The Pandemic Treaty: shameful and unjust


The Intergovernmental Negotiating Body (INB), which is tasked under WHO with drawing up an international instrument on pandemic prevention, preparedness, and response, will sit for the 9th and final time from March 18–29. In the 2 years since it first met, hundreds of hours and unknown costs have been spent, but the political impetus has died. The convention is now at a critical juncture: the final text for countries to ratify is due to be presented at the World Health Assembly in May. With only limited days of negotiation left and a long way to go to secure a meaningful agreement, it is now or never for a treaty that can make the world a safer place.

It is hard to remember sometimes, among the highly diplomatic and technical negotiations, but that is what this treaty is trying to do: to protect all people, in all countries, no matter how rich or poor, from harm. As The Lancet went to press, a new publicly available draft text was awaited, but judging from the most recently available version, from October, 2023, the treaty will fail in this aim.
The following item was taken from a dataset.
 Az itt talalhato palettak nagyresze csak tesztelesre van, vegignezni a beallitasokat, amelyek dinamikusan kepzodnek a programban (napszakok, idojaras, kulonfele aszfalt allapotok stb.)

Much of the language is greatly weakened from the initial ambition, filled with platitudes, caveats, and the term “where appropriate”. A key recommendation from the Independent Panel for Pandemic Preparedness and Response, met with widespread support, was the need for a treaty that would “address gaps in international response, clarify responsibilities between States and international organisations, and establish and reinforce legal obligations and norms”. At the heart of this recommendation was the need to ensure that high-income countries and private companies behave fairly, that they do not stockpile millions of excess doses of vaccine or refuse to share life-saving knowledge and products, and that there are mechanisms to ensure that countries work together rather than against each other. These issues still represent the broad sticking points in current negotiations: access and benefit sharing (who gets what, how much, and when) and governance and accountability (to what degree are countries made to do something).
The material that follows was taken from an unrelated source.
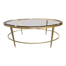 Gold leaf/clear large oval glass coffee table with shelf. Find glass coffee table in coffee tables | buy or sell coffee tables, ottomans, poufs, side tables vejmon ikea black oval coffee table with glass overlay and shelf underneath for storage length 55 coffee table made of fir wood, metal and tempered glass product dimensions width: Glass top oval brass coffee table: It comes with a metal frame that's finished in brushed goldtone, supporting a clear tempered glass oval top and a matching bottom shelf. Vintage italian hollywood regency faux bamboo gold gilt metal coffee table.

The word equity appears nine times in the October negotiating text, including as a guiding principle of the whole treaty. But in reality, Article 12 stipulates that WHO would have access to only 20% of “pandemic-related products for distribution based on public health risks and needs”. The other 80%—whether vaccines, treatments, or diagnostics—would be prey to the international scramble seen in COVID-19 that saw vital health technologies sold to the highest bidder. Most of the world's peoples live in countries that might not be able to afford these products, but 20% seems to be all that high-income countries were willing to agree to. This is not only shameful, unjust, and inequitable, it is also ignorant. Creating and signing up to a strong and truly equitable set of terms on access and benefit sharing is not an act of kindness or charity. It is an act of science, an act of security, and an act of self-interest. There is still time to correct this misjudgment.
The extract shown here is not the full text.